To find the appropriate re-scaling for probit regression, we need to know the maximum possible value of \(\texttt{dnorm}(X'\beta)\). This occurs when \(X'\beta\) is zero. Since \(\texttt{dnorm}(0) = 1/\sqrt{2\pi}\approx 0.4\), we multiply our logit slope coefficients by 0.25 and our probit slope coefficients by 0.4

cbind(lpm = coef(lpm)[-1], # remove first element (intercept)
      logit = 0.25 * coef(logit)[-1], 
      probit = 0.4 * coef(probit)[-1]) %>% # tidyverse needed for the pipe!
##             lpm  logit probit
## nwifeinc -0.003 -0.005 -0.005
## educ      0.038  0.055  0.052
## exper     0.039  0.051  0.049
## expersq  -0.001 -0.001 -0.001
## age      -0.016 -0.022 -0.021
## kidslt6  -0.262 -0.361 -0.347
## kidsge6   0.013  0.015  0.014
  1. A more involved but potentially more accurate way of making your results comparable across LPM, logit, and probit specifications is by reporting average partial effects. Compare the average partial effects of the three models.

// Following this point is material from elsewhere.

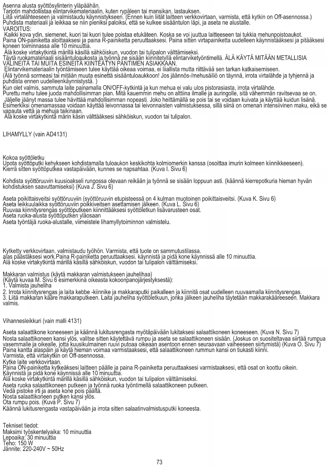 Knappbeskrivning: Enheten har 1 gungomkopplare att manövrera. Switchens 3 funktioner är följande: I: Detta sätter på enheten. Efter att ha tryckt på fortsätter den att fungera tills den stängs av. O : Av-läge. Enheten stängs av när strömbrytaren är i detta läge. R: Omvänt. När den trycks in kommer motorn att backa. Skäraren/skäraren kommer att vrida sig i motsatt riktning jämfört med normal drift. När den släpps växlar enheten till Av-läge. Juice Extractor modeller AD4130 och AD4131: Koppla utdragare till ram. (Bild E. Sida 3) Lägg in utdragaren i ramen genom att rikta in mitten på inloppet med triangelmärket (för att peka på de tre fästena på utdragaren). (Bild E. Sida 3) Vrid sedan utdragaren moturs tills det klickar. (Bild E. Sida 3) Rikta in den sexkantiga axeln på spiralpropellern med hålet i ramen och tryck in den till slutet. (vrid spiralpropellern något för att göra bra inriktning) (Bild F,G . Sida 4) Sätt in den grovhåliga änden av juicefiltret i spiralpropellerns spiral och lås fast de tre fästena i de tre skårorna i extraktorn Passa in de tre fästena på utdragslocket fel med de tre på utdragaren och tryck in dem horisontellt och fäst sedan locket på utdragaren76 genom att vrida det moturs . (Bild H. Sida 4) Placera juicebehållaren bredvid maskinens ram med dess öppning precis under ramens utlopp. (Behållarbaffel bör monteras i behållaren i förväg för att blockera skum i juicen) (Bild H1. Sida 5) Placera restbehållaren under ramens restutlopp, nära juicebehållaren. (Bild H2. Sida 5) Montera brickan på den övre änden av inloppscylindern. Brickan anläggningar lastning av matmaterial, såsom vindruvor eller jordgubbar. Anslut till strömförsörjningen och gör dig redo för start. (Innan du ansluter enheten till elnätet, se till att strömbrytaren är i läge Av.) Rengör materialet och skär det i bitar som är tillräckligt små för att passera genom inloppet och placera dem på brickan. VARNING: Eventuell hård kärna, frö, skal eller skal bör tas bort i förväg. Eftersom det kan fastna i enheten eller blockera juiceextraktionshålen. Tryck ner ON-knappen för att starta och tryck sedan på R-knappen för att backa. Tryck sedan på På-knappen igen för att starta och hålla maskinen igång i mindre än 10 minuter. Rör inte strömbrytaren med våta händer för att undvika elektriska stötar, läckage eller brand. Ladda in matmaterialet genom inloppet och tryck in dem med den bifogade matpåskjutaren. ANVÄND INTE NÅGRA METALLREDSKAP ELLER ANDRA OBJEKT I STÄLLET FÖR DEN ANSLUTADE PUSHERN. Lämplig mängd kraft ska användas för att trycka in matmaterialet, inte överdrivet mycket men tillräckligt för att det ska skäras av exakt. (Ställ inte in fingret eller något annat föremål i inloppet! Om rest-/juicebehållaren är full, koppla ur strömförsörjningen och töm och rengör sedan innan omstart. ) När det är klart, stäng av enheten genom att trycka på ON/OFF-knappen och när ingen juice rinner ut ur uttaget, koppla bort strömförsörjningen. Den extraherade juicen bör drickas så snart som möjligt. Ju längre juicen utsätts för luft och sol desto mindre näringsrik blir den. Den återstående massan ska kasseras så snabbt som möjligt. Antingen genom att slänga den eller så kan den torkas och användas som fibertillskott. Till exempel kan äppelmassa användas för att baka eller göra bakverk eftersom det har den intensiva smaken av äpplen och inte släpper ut vatten och juice i degen. Rör inte strömbrytaren med våta händer för att undvika elektriska stötar, läckage eller brand. KÖTTKVARN (endast AD4131) Sätt ihop matningsslangen Lägg in matarröret i ramen genom att rikta in mitten på inloppet med triangelmärket (för att peka på de tre fästena på utdragaren). Vrid sedan matningsröret moturs tills det klickar. (Bild I. Sida 6) Rikta in den sexkantiga axeln på matarskruven med hålet i ramen och tryck in den till slutet. (vrid spiralpropellern något för att göra en bra inriktning) (Bild J. Sida 6) Sätt tvärkniven på matarskruven (det finns en 4-vinklar form på den främre punkten av matarskruven för att placera korskniven. (Bild K. Sida 6) Sätt skärskivan på matarskruven efter att ha placerat tvärkniven. (Bild L. Sida 6) Skruva fast fixeringsringen på matningsslangen för att fixera delarna av matningsslangstillbehöret. Sätt matbrickan på toppen av matningsröret Sätt påskjutaren på matbrickan, avsluta förberedelsen av köttkvarnsfunktionen. Inkopplad, förbered dig för arbete. Se till att produkten är i avstängningsläge. Tryck ner ON-knappen för att work.tryck på R-knappen för att backa. starta och håll maskinen igång i mindre än 10 minuter. Rör inte strömbrytaren med våta händer för att undvika elektriska stötar, läckage eller brand. Göra korv (Använd köttfärs för att göra korv) (Använd bild M. Sida 6 som exempel på korrekt monteringsordning):

The partial effects for linear regression are constant: lines have constant slopes. This means you only need to transform the logit and probit results. A helpful tip is to remember that if we don't specify type = 'response' when we apply the function predict() to a glm object, it will return predictions on the scale of \(X'\beta\) rather than \(Y\). Moreover, if we don't specify newdata, the predictions are made using the observed sample data for \(X\).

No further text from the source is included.